Markov Processes International

Enhancing Portfolio Risk Assessment Using Scenario Analysis

This is the third in a series of posts in which our research team leverages new investment risk analytics in Stylus Pro to demonstrate how historical and forward-looking stress tests can provide deeper insight into fund performance across various market regimes and hypothetical scenarios.

Scenario analysis goes beyond traditional risk measures (i.e., standard deviation, VaR, max drawdown, etc.) by enabling you to pose the question, “what might happen to my fund or portfolio if…?” To fill in the blank and answer almost any query you have, you simply shock the fund or portfolio with the appropriate market index, rate, credit spread or economic factor. (Factor selection and thorough testing is an important step in this process; we explore this issue in a previous post: How to Ensure Your Portfolio Risk Analytics Are Working as Expected.)

In this post, we analyze a group of 338 target-date funds (TDFs),1 which offer a particularly good illustration of the value scenario analysis provides. TDFs, which are popular defined contribution investment offerings, have risk characteristics that are intended to become more conservative over time as the fund gets closer to its target retirement date. A large loss due to an extreme event could be disastrous to prospective retirees as was seen for some near-dated funds in 2008, the worst of which lost more than the S&P 500 index. (If you’d like to read more of our research on target-date funds, you can find it here.)

In the below chart, we have selected a universe of target-date mutual funds with a return history of at least five years. We then shock the group to plot estimated fund performance in the event of a 10% drop in the S&P 500 index (based on current fund factor exposures) against the funds’ five-year Morningstar Risk Rating.2

We can take away three main points from this factor shock:

Focusing on near-dated 2020 TDFs, we see that those with a risk rank of 2 have shock estimates ranging between -3.2 and -4.8, meaning that the more sensitive funds could lose 150% of what the less sensitive funds do when subjected to the same shock.

The decrease in sensitivity as the risk rating decreases is not wholly consistent. For example, there are funds with sensitivities of approximately -4.8 with risk ranks of 2, 3 and 4. We can also observe that some funds are riskier than their rank might suggest, based on the market shock. For example, the most sensitive TDF with a risk rank of 2 has a sensitivity (again) of -4.8. The least sensitive fund with a risk rank of 4, however, demonstrates an estimated sensitivity of -4.5 to the same factor shock.

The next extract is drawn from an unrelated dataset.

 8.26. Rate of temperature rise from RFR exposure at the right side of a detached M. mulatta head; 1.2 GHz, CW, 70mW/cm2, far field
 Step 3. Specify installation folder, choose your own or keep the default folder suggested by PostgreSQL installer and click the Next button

These differences may be due to allocation changes along each fund’s individual glide paths. For example, if a fund has 30% in growth assets today, and it held 50% five years ago, a risk rank based on 5 years’ historical returns (representing varying allocations) will probably make this fund appear riskier than it actually is.

The disparity may also be due to different asset mixes that happen to have similar recent volatility. For example, a traditional 60/40 portfolio of the S&P 500 Index and Bloomberg Barclays Aggregate Bond Index has the same historical standard deviation estimate as an 80/20 portfolio of Bloomberg Barclays High Yield Index and the Russell 2000 Small Cap Index. In this case, the specificity of scenario analysis will highlight differences in asset mixes without requiring a longer analysis history.

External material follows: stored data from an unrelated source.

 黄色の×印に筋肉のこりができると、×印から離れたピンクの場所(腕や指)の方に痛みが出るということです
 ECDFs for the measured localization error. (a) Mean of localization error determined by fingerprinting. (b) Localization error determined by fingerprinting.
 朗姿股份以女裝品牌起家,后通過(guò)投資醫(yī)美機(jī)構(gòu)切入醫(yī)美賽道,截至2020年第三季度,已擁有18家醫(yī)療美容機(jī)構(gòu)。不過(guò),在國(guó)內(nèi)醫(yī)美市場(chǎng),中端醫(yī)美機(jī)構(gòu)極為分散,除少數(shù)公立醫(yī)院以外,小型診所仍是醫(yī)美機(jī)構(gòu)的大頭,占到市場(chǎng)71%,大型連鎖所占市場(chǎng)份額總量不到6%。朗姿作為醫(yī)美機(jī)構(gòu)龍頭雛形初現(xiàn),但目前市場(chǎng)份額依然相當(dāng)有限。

Whether due to differences in glide path or asset mixes, the estimate of loss due to a hypothetical shock helps to quickly identify current and specific risks, which could potentially go undetected with traditional, historical risk measures. This serves as a high-level, yet clear, example of how scenario analysis can complement traditional risk measures. In the next and final post of this series on risk analysis, we will isolate a universe of 38 near-dated funds to provide a more detailed demonstration of scenario analysis as a risk differentiator.